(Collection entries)
◇ ◇ ◇ ◇
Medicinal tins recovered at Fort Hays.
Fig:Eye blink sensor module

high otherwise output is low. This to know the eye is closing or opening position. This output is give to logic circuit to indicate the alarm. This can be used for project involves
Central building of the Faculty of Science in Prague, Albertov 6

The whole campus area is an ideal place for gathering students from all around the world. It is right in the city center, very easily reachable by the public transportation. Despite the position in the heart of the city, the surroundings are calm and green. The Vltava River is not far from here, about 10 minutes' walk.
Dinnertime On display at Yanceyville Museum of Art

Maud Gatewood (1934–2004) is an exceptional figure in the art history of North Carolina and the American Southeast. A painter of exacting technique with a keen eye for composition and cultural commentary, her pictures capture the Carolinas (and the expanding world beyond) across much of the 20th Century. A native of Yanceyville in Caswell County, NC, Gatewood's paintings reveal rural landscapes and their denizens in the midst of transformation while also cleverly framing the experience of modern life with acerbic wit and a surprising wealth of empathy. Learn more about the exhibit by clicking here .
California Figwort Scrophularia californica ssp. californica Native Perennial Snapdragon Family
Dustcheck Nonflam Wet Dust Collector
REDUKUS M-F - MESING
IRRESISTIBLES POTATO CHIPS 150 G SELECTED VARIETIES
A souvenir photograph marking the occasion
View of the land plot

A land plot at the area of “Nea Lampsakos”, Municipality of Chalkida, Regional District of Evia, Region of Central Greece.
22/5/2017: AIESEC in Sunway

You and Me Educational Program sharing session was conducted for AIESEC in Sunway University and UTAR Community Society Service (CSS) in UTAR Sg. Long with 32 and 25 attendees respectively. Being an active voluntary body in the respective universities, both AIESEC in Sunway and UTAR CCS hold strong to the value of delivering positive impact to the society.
◇ ◇ ◇ ◇
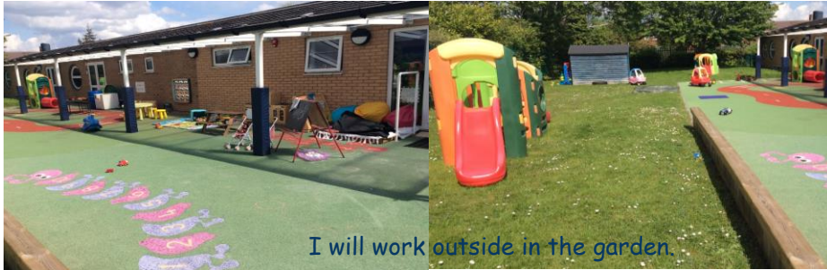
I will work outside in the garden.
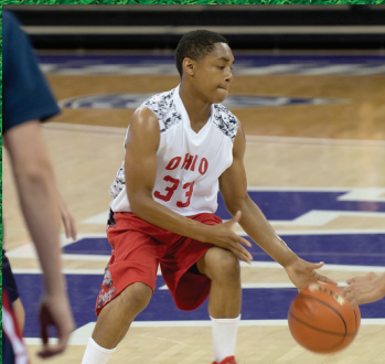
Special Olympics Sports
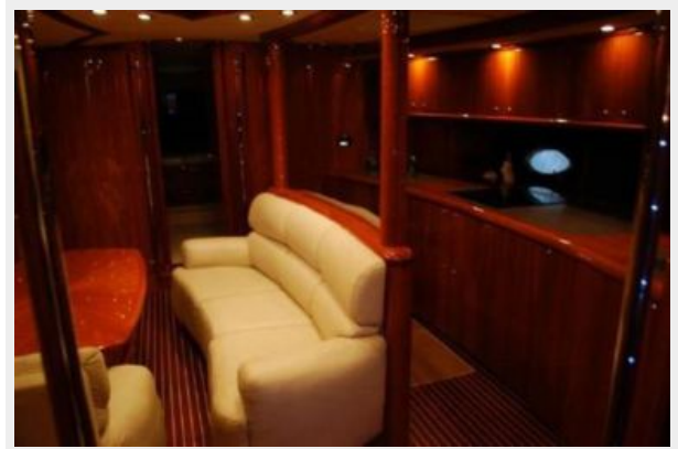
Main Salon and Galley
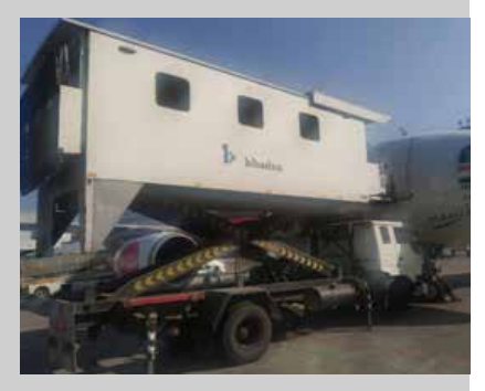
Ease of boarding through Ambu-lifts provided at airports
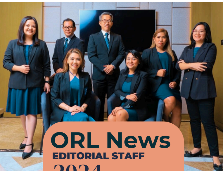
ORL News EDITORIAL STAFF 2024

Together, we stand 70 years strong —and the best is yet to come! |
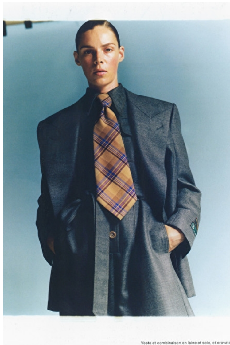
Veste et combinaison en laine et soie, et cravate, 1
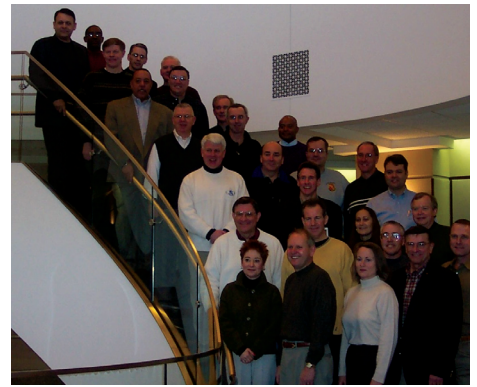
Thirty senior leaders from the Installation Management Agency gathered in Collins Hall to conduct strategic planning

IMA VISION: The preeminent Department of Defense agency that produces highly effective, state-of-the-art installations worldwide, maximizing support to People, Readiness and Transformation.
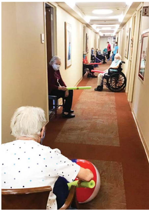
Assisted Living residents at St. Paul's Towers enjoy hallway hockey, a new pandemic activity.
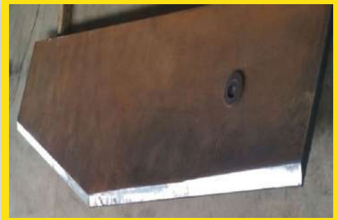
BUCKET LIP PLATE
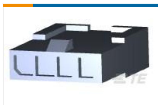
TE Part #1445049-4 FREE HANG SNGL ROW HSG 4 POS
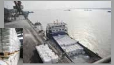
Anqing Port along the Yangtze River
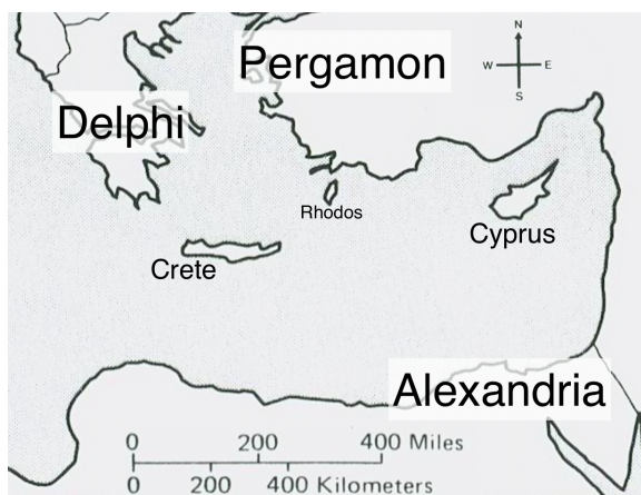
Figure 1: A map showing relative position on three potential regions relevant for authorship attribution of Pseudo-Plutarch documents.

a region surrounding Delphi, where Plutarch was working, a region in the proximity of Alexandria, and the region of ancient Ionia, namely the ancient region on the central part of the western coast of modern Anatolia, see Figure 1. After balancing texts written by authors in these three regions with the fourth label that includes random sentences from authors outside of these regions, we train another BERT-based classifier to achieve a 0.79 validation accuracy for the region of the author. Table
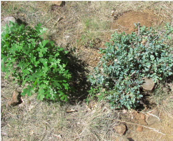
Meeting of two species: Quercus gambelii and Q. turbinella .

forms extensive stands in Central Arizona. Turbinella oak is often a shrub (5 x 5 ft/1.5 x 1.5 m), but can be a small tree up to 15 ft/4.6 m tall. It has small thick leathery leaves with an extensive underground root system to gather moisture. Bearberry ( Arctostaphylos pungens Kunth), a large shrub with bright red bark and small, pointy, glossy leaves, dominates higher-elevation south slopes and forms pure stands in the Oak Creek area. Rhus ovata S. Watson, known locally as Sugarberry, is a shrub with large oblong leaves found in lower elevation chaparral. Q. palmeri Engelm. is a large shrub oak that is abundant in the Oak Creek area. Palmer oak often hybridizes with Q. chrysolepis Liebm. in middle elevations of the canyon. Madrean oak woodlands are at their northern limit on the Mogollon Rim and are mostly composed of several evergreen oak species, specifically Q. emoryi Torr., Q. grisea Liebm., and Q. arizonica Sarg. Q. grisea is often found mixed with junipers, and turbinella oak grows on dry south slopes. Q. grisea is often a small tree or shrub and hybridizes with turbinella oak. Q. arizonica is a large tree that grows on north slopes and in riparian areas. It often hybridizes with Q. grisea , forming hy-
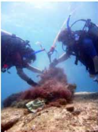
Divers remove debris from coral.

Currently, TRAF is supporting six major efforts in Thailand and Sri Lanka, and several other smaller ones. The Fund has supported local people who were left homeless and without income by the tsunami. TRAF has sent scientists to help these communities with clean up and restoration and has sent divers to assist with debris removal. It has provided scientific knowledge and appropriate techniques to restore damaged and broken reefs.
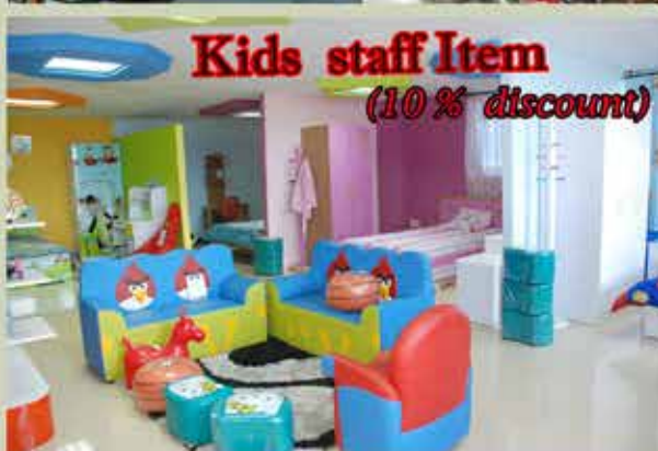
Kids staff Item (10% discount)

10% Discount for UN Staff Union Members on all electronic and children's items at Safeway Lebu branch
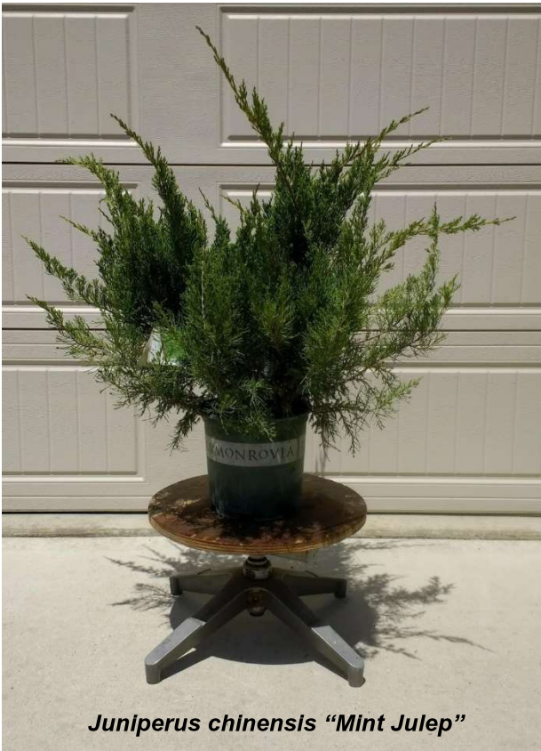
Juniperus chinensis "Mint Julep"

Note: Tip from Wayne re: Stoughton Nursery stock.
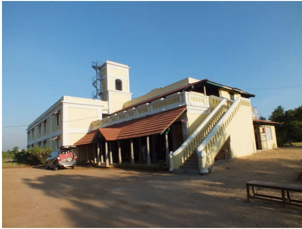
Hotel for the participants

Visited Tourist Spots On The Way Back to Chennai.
◇ ◇ ◇ ◇
=== HOW TO COMPLETE THIS TASK ===
When a line in the data contains "regions", return it as written.

=== TASK OUTPUT ===
Figure 1: A map showing relative position on three potential regions relevant for authorship attribution of Pseudo-Plutarch documents.
a region surrounding Delphi, where Plutarch was working, a region in the proximity of Alexandria, and the region of ancient Ionia, namely the ancient region on the central part of the western coast of modern Anatolia, see Figure 1. After balancing texts written by authors in these three regions with the fourth label that includes random sentences from authors outside of these regions, we train another BERT-based classifier to achieve a 0.79 validation accuracy for the region of the author. Table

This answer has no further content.